## PROBLEM REQUIREMENTS
Output the line containing "DescriptionThe Sophie Pant" and each line after it through the end of the data, exactly as written, with pictures left out.

(Stored items from a collection)
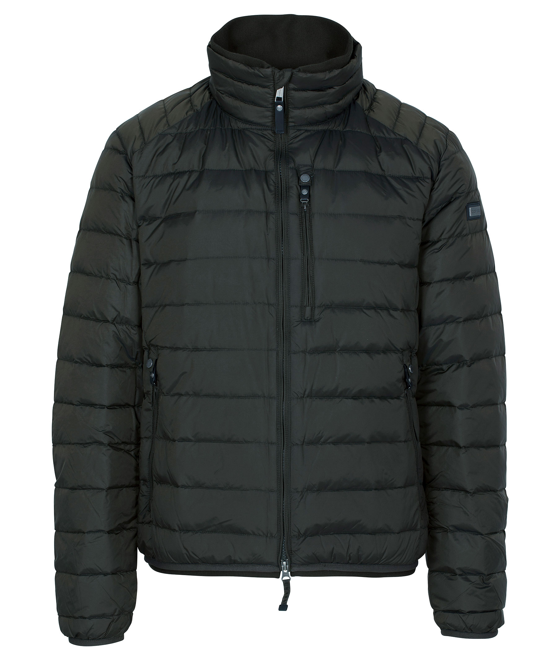 Olivgrön lättviktsdunjacka från Cedrico. Tillverkad i nylon med fyllning av dun och fjäder. Jackan stängs med tvåvägsdragkedja och har en hög krage. Två fickor fram och en bröstficka som stängs med dragkedja som har knapp ovanför som man kan knäppa fast dragflärpen i så att den håller sig på plats och inte åker ner. Tre innerfickor, en med dragkedja. Logga på vänster ärm samt liten mudd i ärmslut och plaggslut.
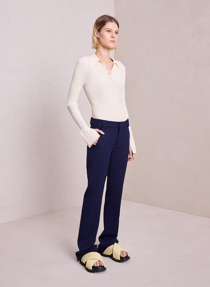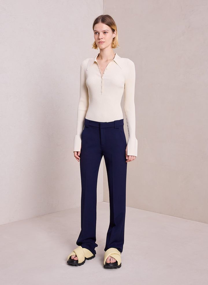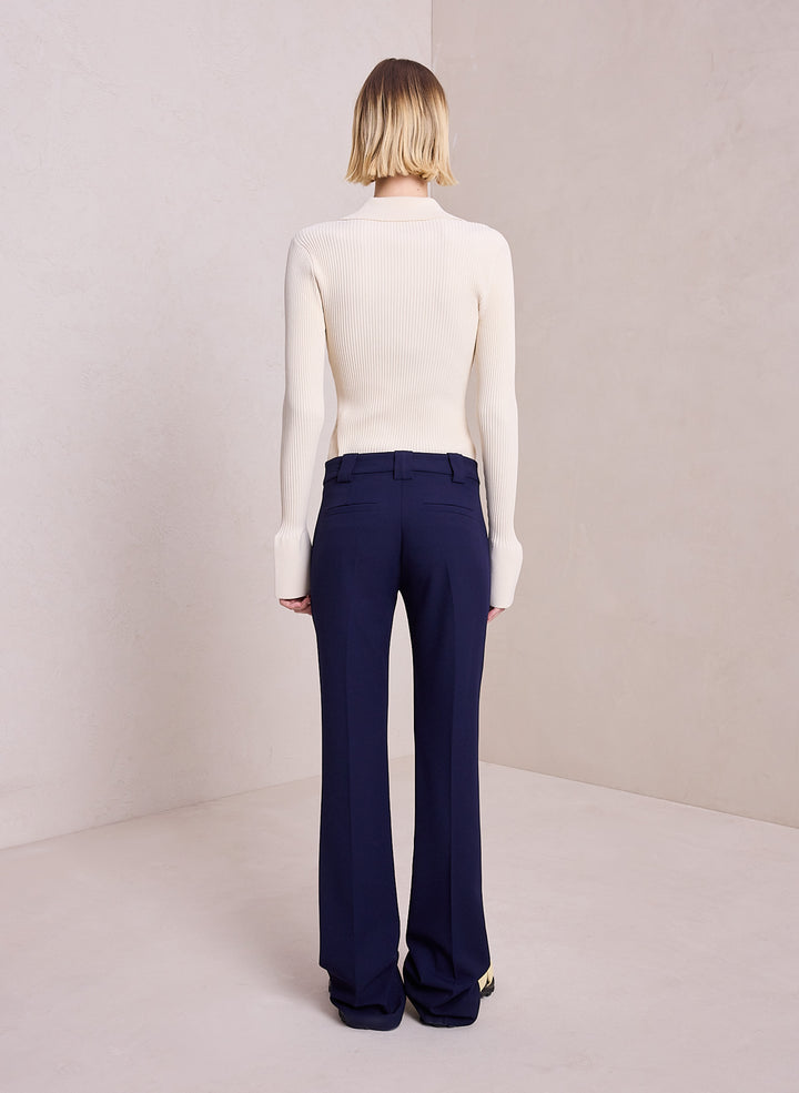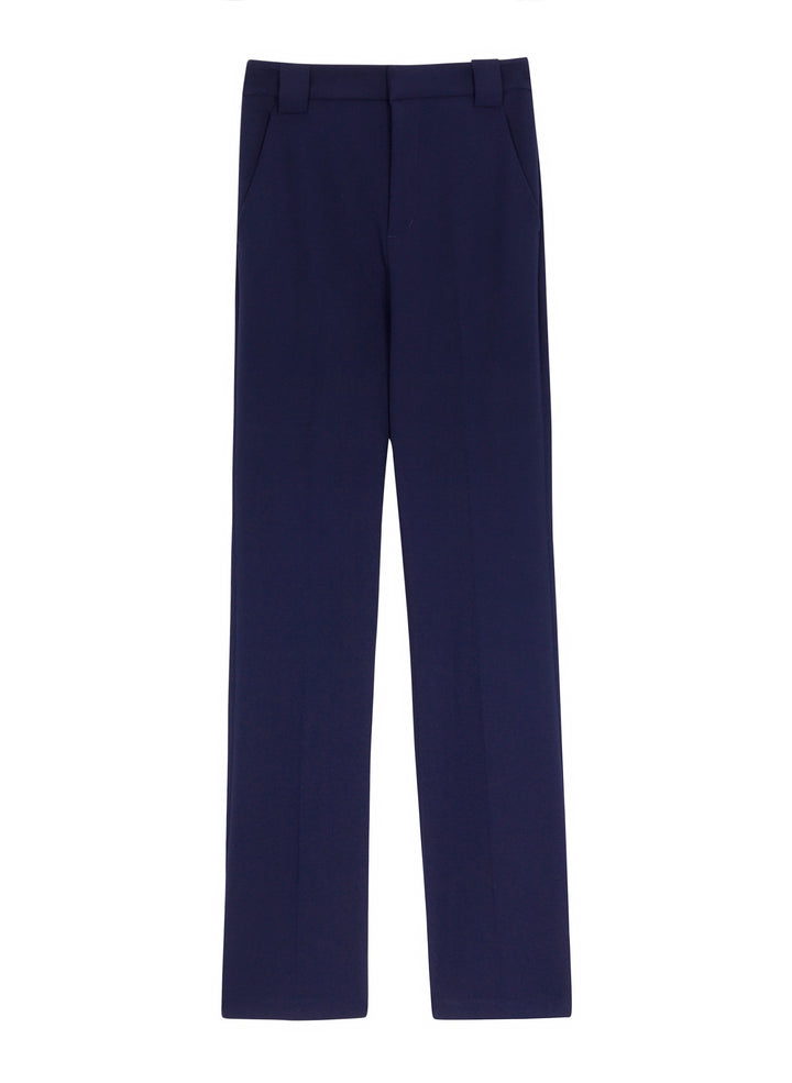 DescriptionThe Sophie Pant is crafted from our refined suiting fabric in timeless French navy. This straight-leg silhouette features a mid-rise waist with a subtle kick out from the knee that subtly pools at the hem. This jacket fits true to size. Shop Bottoms
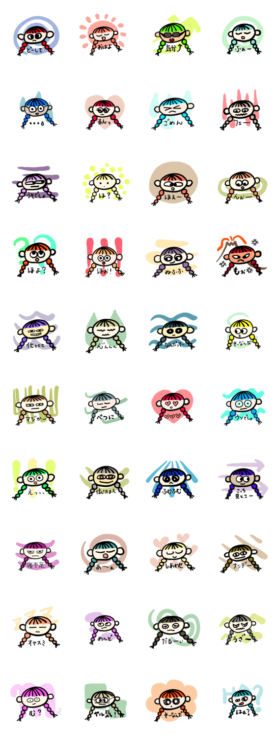 派手髪おさげちゃんの日常使えるリアルなリアクションスタンプ
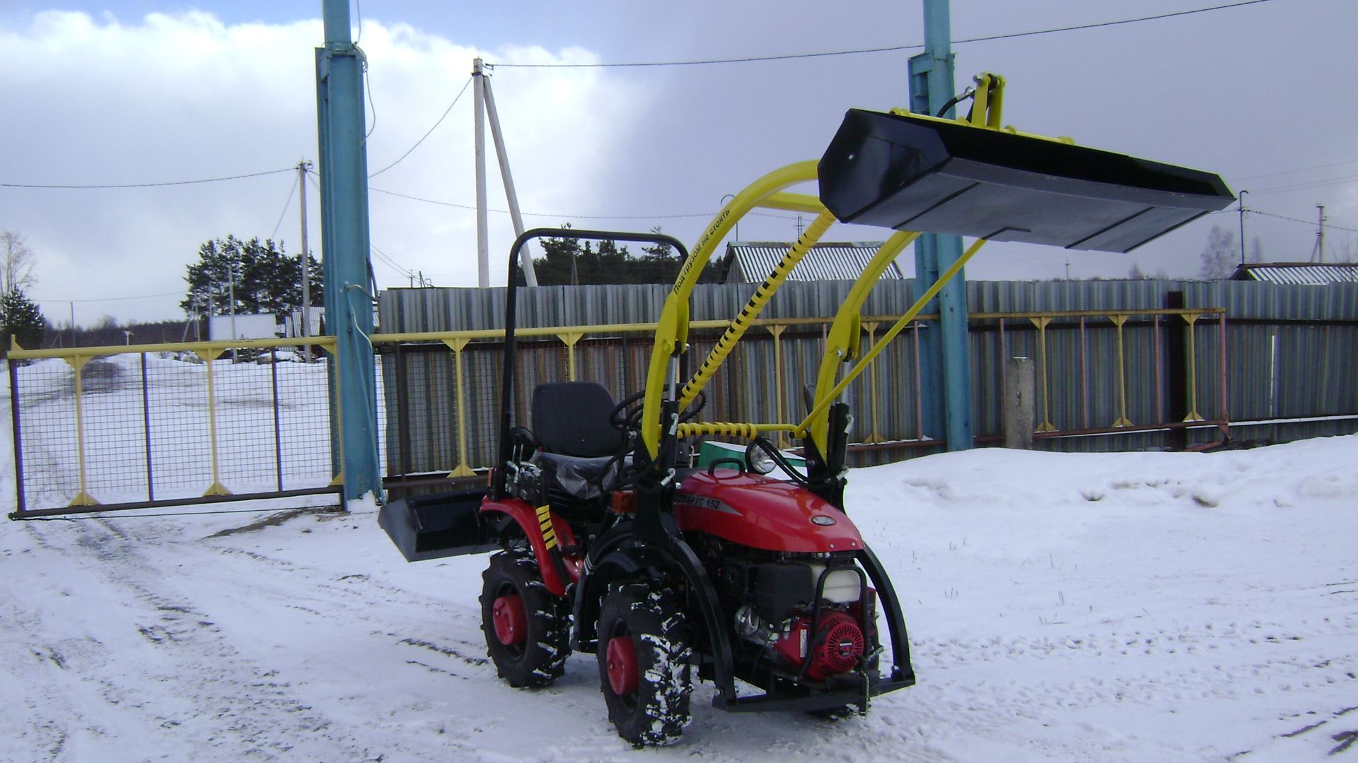 - Эксплуатационная масса минитрактора (с балластными грузами) — 710 килограмм.
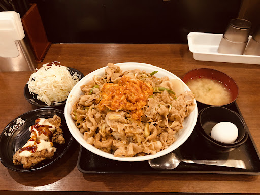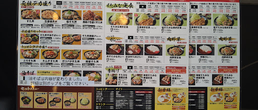 Read moreボリューミーで塩っぱい印象が強く暫くご無沙汰となっていた。最近ではメニューがかなり様変わりしたとの情報を得て久々に訪れてみることにした。約3年振りとなる。メニューはすた丼のバリエーションが増えたこと、カレーや肉そばのメニューが増えたこと、生姜焼き等の定食類が追加されているのが目に留まる。単品メニューやセットメニュー、トッピング類は豊富なこと以外に、好みのボリュームで注文できるのは相変わらず当店の付加価値のようである。今回注文したのは"すたみな唐揚げカレー並盛"と"豚汁サラダセット"。追加されたメニューのカレーと肉そばのどちらにしようか迷った挙句、今回はカレーで攻めてみることにした。量は並盛で具材には唐揚げを選択。並盛と言えど290gはかなりのボリュームである。10分程で着膳したカレーセットは唐揚げが5個も入った想像通りボリューミーなもの。辛さは中辛程度だが濃厚で旨味たっぷり。唐揚げは相変わらずとても美味い。一方豚汁は優しい美味しさで、濃厚なカレーには丁度よく感じられた。今回の来訪を通してまた異なる印象が植え付けられたよう。次回は肉そばも是非食...
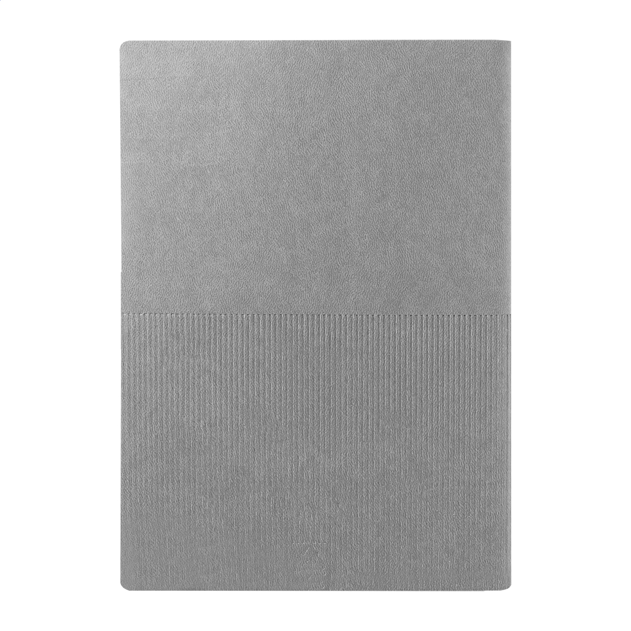 Quaderno formato A5, con copertina in pelle PU riciclata, decorazione a strisce, placca metallica, segnalibro e 80 fogli a righe in carta riciclata.
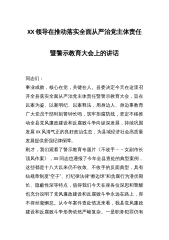 XX领导在推动落实全面从严治党主体责任暨警示教育大会上的讲话
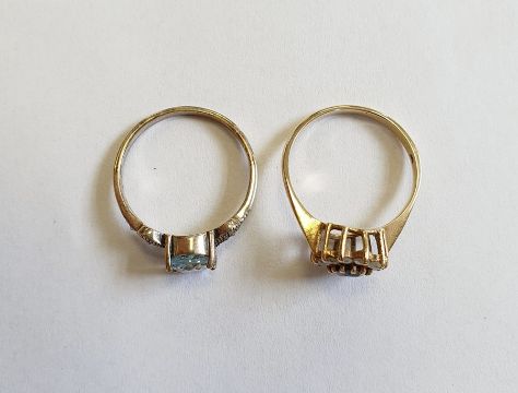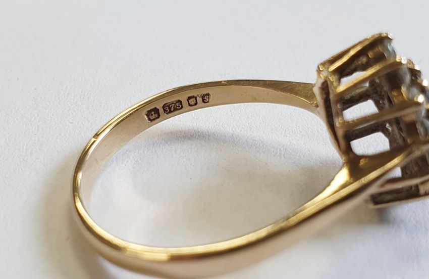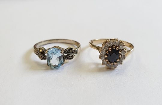 9ct gold, sapphire and white stone cluster ring and a silver, marcasite and blue stone ring (2)

## WRITTEN RESPONSE
 DescriptionThe Sophie Pant is crafted from our refined suiting fabric in timeless French navy. This straight-leg silhouette features a mid-rise waist with a subtle kick out from the knee that subtly pools at the hem. This jacket fits true to size. Shop Bottoms
 派手髪おさげちゃんの日常使えるリアルなリアクションスタンプ
 - Эксплуатационная масса минитрактора (с балластными грузами) — 710 килограмм.
 Read moreボリューミーで塩っぱい印象が強く暫くご無沙汰となっていた。最近ではメニューがかなり様変わりしたとの情報を得て久々に訪れてみることにした。約3年振りとなる。メニューはすた丼のバリエーションが増えたこと、カレーや肉そばのメニューが増えたこと、生姜焼き等の定食類が追加されているのが目に留まる。単品メニューやセットメニュー、トッピング類は豊富なこと以外に、好みのボリュームで注文できるのは相変わらず当店の付加価値のようである。今回注文したのは"すたみな唐揚げカレー並盛"と"豚汁サラダセット"。追加されたメニューのカレーと肉そばのどちらにしようか迷った挙句、今回はカレーで攻めてみることにした。量は並盛で具材には唐揚げを選択。並盛と言えど290gはかなりのボリュームである。10分程で着膳したカレーセットは唐揚げが5個も入った想像通りボリューミーなもの。辛さは中辛程度だが濃厚で旨味たっぷり。唐揚げは相変わらずとても美味い。一方豚汁は優しい美味しさで、濃厚なカレーには丁度よく感じられた。今回の来訪を通してまた異なる印象が植え付けられたよう。次回は肉そばも是非食...
 Quaderno formato A5, con copertina in pelle PU riciclata, decorazione a strisce, placca metallica, segnalibro e 80 fogli a righe in carta riciclata.
 XX领导在推动落实全面从严治党主体责任暨警示教育大会上的讲话
 9ct gold, sapphire and white stone cluster ring and a silver, marcasite and blue stone ring (2)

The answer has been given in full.